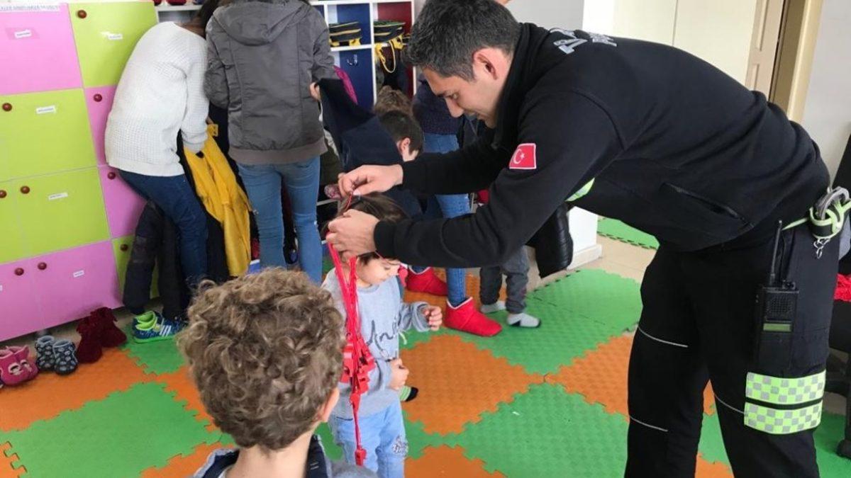Trafik Dedektifleri Projesi, kapsamında Gemerek Trafik Tescil Büro Amirliği tarafından minik öğrencilere kırmızı düdük dağıtıldı.
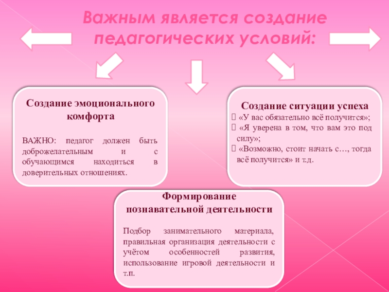 Подбор занимательного материала, правильная организация деятельности с учётом особенностей развития, использование игровой деятельности и т.п.
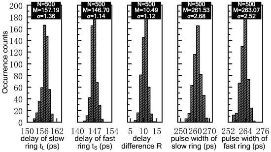 Apart from the above single-point analysis, we also evaluate the performance of our proposed PWSR delay element by Monte Carlo simulation. The statistical analysis of five critical parameters have been performed, including the delays (tL, tS) and pulse-widths of the delay elements in the fast and slow rings as well as the time-resolution. ‘VNL’ and ‘VNS’ are set to 0.95 V and 1.70 V, respectively. As shown in Figure 7, for the delay element in the slow ring that is controlled by ‘VNL’, the mean value and the standard deviation of its propagation delay are 157.19 ps and 1.36 ps, respectively. Likewise, for the delay element in the fast ring that is controlled by ‘VNS’, the mean value and the standard deviation of its propagation delay are 146.7 ps and 1.14 ps, respectively. Besides, the standard deviation of time-resolution ‘R’ is merely 1.12 ps. Furthermore, it can be observed that the mean values and standard deviations of the pulse-widths for a PWSR delay pair are 261.53 ps, 2.68 ps, and 263.07 ps, 2.52 ps, respectively. This signifies that the proposed PWSR delay element can provide relatively stabilized delay and pulse-width, and thus it is suitable for high-resolution TDC.
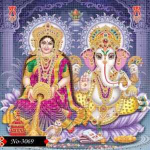 Lord Ganesha and Goddess Lakshmi are depicted here in a divine union of wisdom and wealth. Their elegant postures, adorned in dazzling ornaments, exude sacred dignity and prosperity. With one glance, they inspire strength, devotion, and abundance. Ganesha’s blessing hand invites clarity, while Lakshmi’s serene expression promises grace. This image serves as a spiritual guide, reminding us of life’s higher purpose. Together, they symbolize auspicious beginnings and the blessings that follow. Their aura radiates warmth and divine love. A masterpiece of spiritual symbolism.
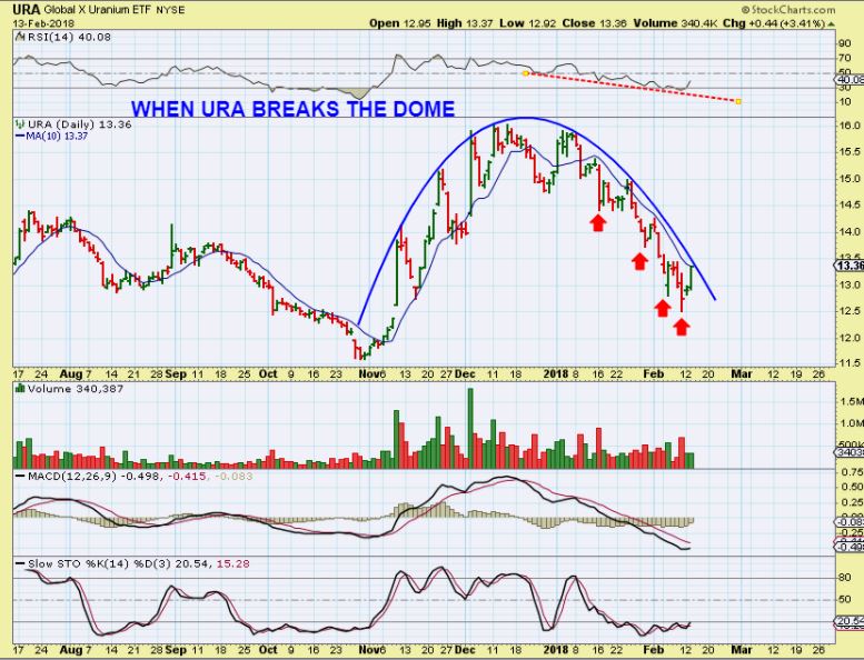 URA – I posted this yesterday and mentioned that a Break of the Dome would be considered bullish…
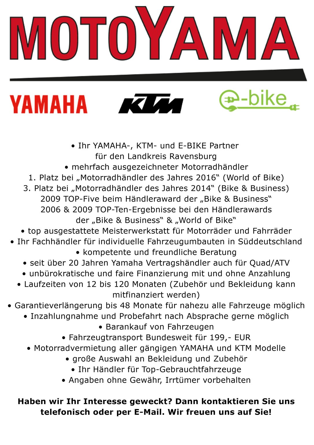 - Ihr kompetenter, freundlicher und zuverlässiger KAWASAKI, YAMAHA & KTM Vertragspartner für den Landkreis Ravensburg sowie die Regionen Oberschwaben und Bodensee
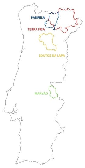 Portugal occupies the seventh position worldwide in chestnut production, with a production of 37,876 tons, as result of the expansion of chestnut grove planting areas [8]. Portuguese chestnuts have an enhanced quality recognized nationally and internationally. To protect the specificity of this product, and due to its economic and social importance, protected designations of origin (PDO) (EU Regulation no. 1151/2012, article 5) for Portuguese chestnuts were created. This agrarian policy of the European Union outlines territorial quality products as components of local development, whose primary objective is the improvement and preservation of the genetic heritage of the product, setting guidelines, parameters and rules to distinguish the production and market in the various regions [13,14]. Four PDO for chestnut were established: two of them in Trás-os-Montes (“Castanha da Padrela” and “Castanha da Terra Fria”), one in the region of Portalegre (“Castanha de Marvão-Portalegre”) and another in Beira Alta (“Castanha dos Soutos da Lapa”) [10]. A schematic representation of the 4 PDOs in Portugal is depicted in Figure 1, highlighting the municipalities included. Each PDO for chestnut production has its own history, predominant varieties and production area. The most popular and representative varieties in Portugal are “Boa ventura”, “Judia”, “Longal” and “Martaínha”, but many more were identified and cultivated, namely “Amarelal”, “Aveleira”, “Bebim”, “Benfeita”, “Côta”, “Lada”, “Lamela”, “Negral” and “Trigueira”, among others [7,15].
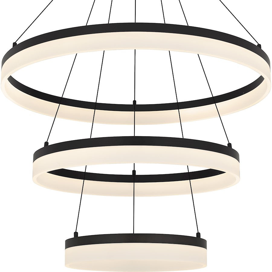 Sleek and striking, the minimalist Cohen series hypnotizes with a halo-like ring of glowing LED light. Choose from a variety of style options from flush mount to chandelier, all featuring a white acrylic shade and your choice of either brushed nickel or oil rubbed bronze finish. The chandelier style is suspended from steel cord, reinforcing a contemporary aesthetic.
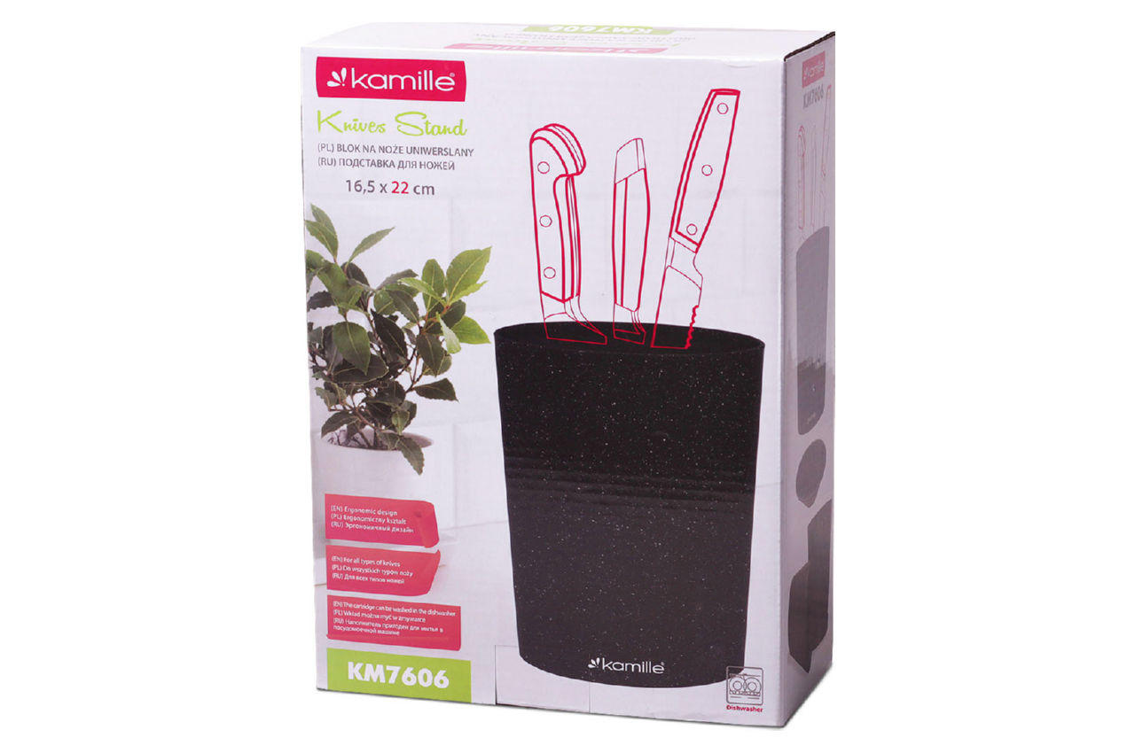 Підставка для ножів дозволяє максимально дбайливо зберігати ножі. Усередині підставки розташовані поліпропіленові роздільники, завдяки чому вставити в неї ніж можна будь-яким чином. Підставка підходить як для звичайних металевих, так і для керамічних ножів.

→ **Task to carry out**
Give back, word for word, the lines from the line that contains "Sleek and striking, the" through the last line of the records, with no pictures and nothing else.

→ **Reply to the task**
 Sleek and striking, the minimalist Cohen series hypnotizes with a halo-like ring of glowing LED light. Choose from a variety of style options from flush mount to chandelier, all featuring a white acrylic shade and your choice of either brushed nickel or oil rubbed bronze finish. The chandelier style is suspended from steel cord, reinforcing a contemporary aesthetic.
 Підставка для ножів дозволяє максимально дбайливо зберігати ножі. Усередині підставки розташовані поліпропіленові роздільники, завдяки чому вставити в неї ніж можна будь-яким чином. Підставка підходить як для звичайних металевих, так і для керамічних ножів.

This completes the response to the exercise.